Range deploys elements of Ronald Reagan's state funeral for his own purposes, even editing Dick Cheney's oratory on that occasion so that it appears to be that of a new president mourning his fallen predecessor. I don't imagine this will make the film's conservative critics any happier, but it forced me to consider certain things about George W. Bush I am generally reluctant to face. Watching this film in late 2006, when Bush is already "dead" in the political sense -- a lame-duck president, likely to lose his congressional majorities -- carries a particular, painful pathos.

I find myself agreeing both with the Bush-hating demonstrators and with Cheney, and if I read the film correctly, Range is inviting us to make that bizarre leap of imagination. Bush has been partly responsible for a historic decimation of the U.S. Constitution and for an unnecessary war that has caused hundreds of thousands of deaths, but he did so because he is/was a man of profound personal conviction, and misunderestimated intelligence, who firmly believed he was doing the right thing for the future of his country. If the assassination of Bush might lead America, as in the film, even closer to becoming a police state, wouldn't that be a fulfillment of his vision, and that of many others among our fellow citizens?

"Death of a President" opens Oct. 27 nationwide.

"The Wild Blue Yonder" by Werner Herzog
I suppose in some technical sense "The Wild Blue Yonder" is Werner Herzog's first new fiction film since whenever -- since "Invincible" in 2001, I suppose. But like all of Herzog's recent films (except, I guess, the relatively straightforward "Grizzly Man," which I liked) this evokes a sort of blissed-out, contemplative mood where questions of fiction vs. reality seem unimportant.

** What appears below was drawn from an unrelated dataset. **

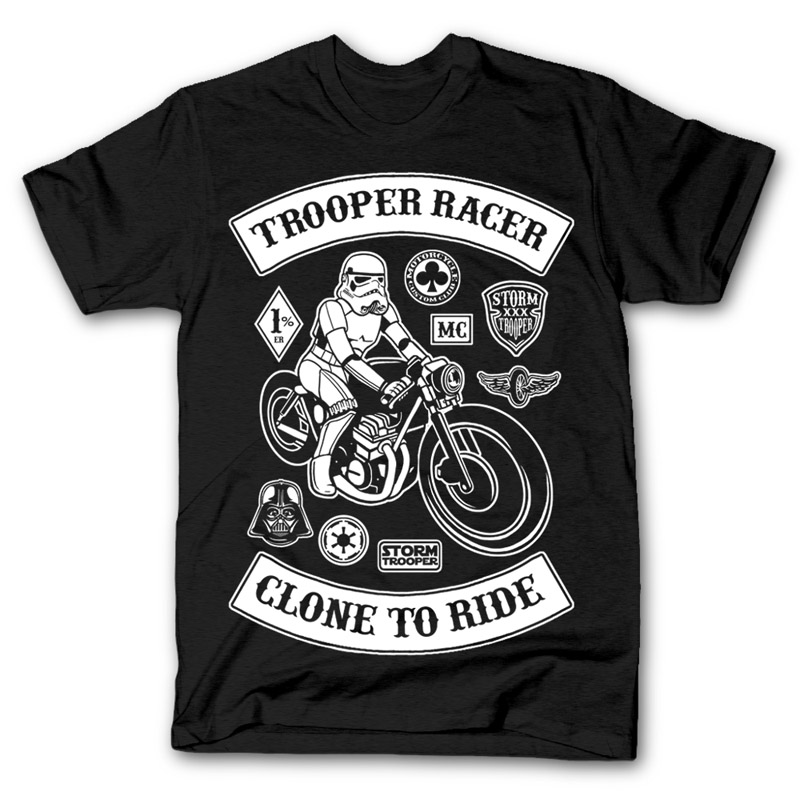 Stormtrooper with Caferacer style character T-shirt design template with Adobe Photoshop, the file is PSD separated Layers. Can be used for digital printing and screen printing.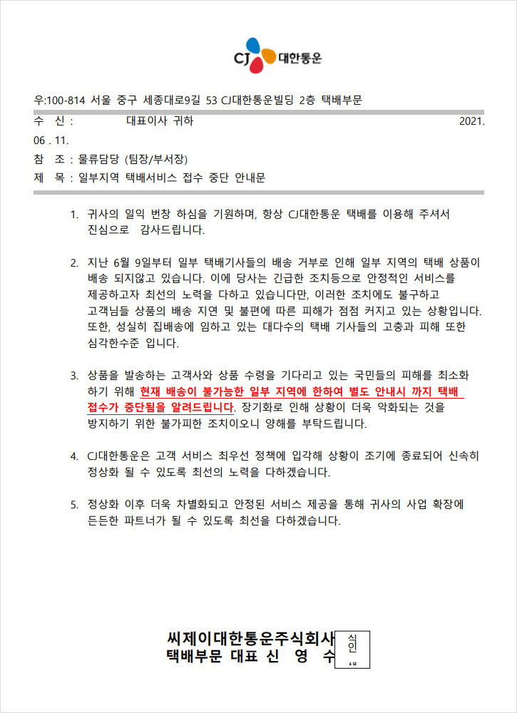 국내 택배사 파업으로 인해 CJ 대한통운 배송지역 중 일부 지역의 배송이 중단되었습니다.

There's a plot, kind of, with Brad Dourif as one of the last of a group of aliens from a distant galaxy who settled on Earth, only to discover that they'd lost all their scientific knowledge and couldn't succeed in our society. ("I hate to tell you this," he says to the camera, "but aliens all suck.") Most of the film consists of footage Herzog has pilfered or extracted from real-life NASA space missions and Arctic underwater exploration, all to tell the tale of Earthling astronauts' long and desperate voyage to the Andromedans' home planet, made possible by various discoveries in chaos-theory mathematics that piss the Dourif alien off.

The equations that might make long-haul space travel possible are real, if entirely hypothetical, and the images in this short, witty, dream-state film are lovely. But Herzog and Dourif make no real effort at rendering a convincing science-fiction universe, and such is not the point. The "dying planet" in this parable is not a distant one, and the "disrespect" the human astronauts show for Dourif's world and its lonely, abandoned wildlife hits pretty close to home. Not a major Herzog work or one that will draw a large audience, but a must-see for those who suspect (as I do) that he's one of the greatest talents now working in this medium.

Opens Oct. 27 at the IFC Center in New York; available on DVD in mid-November.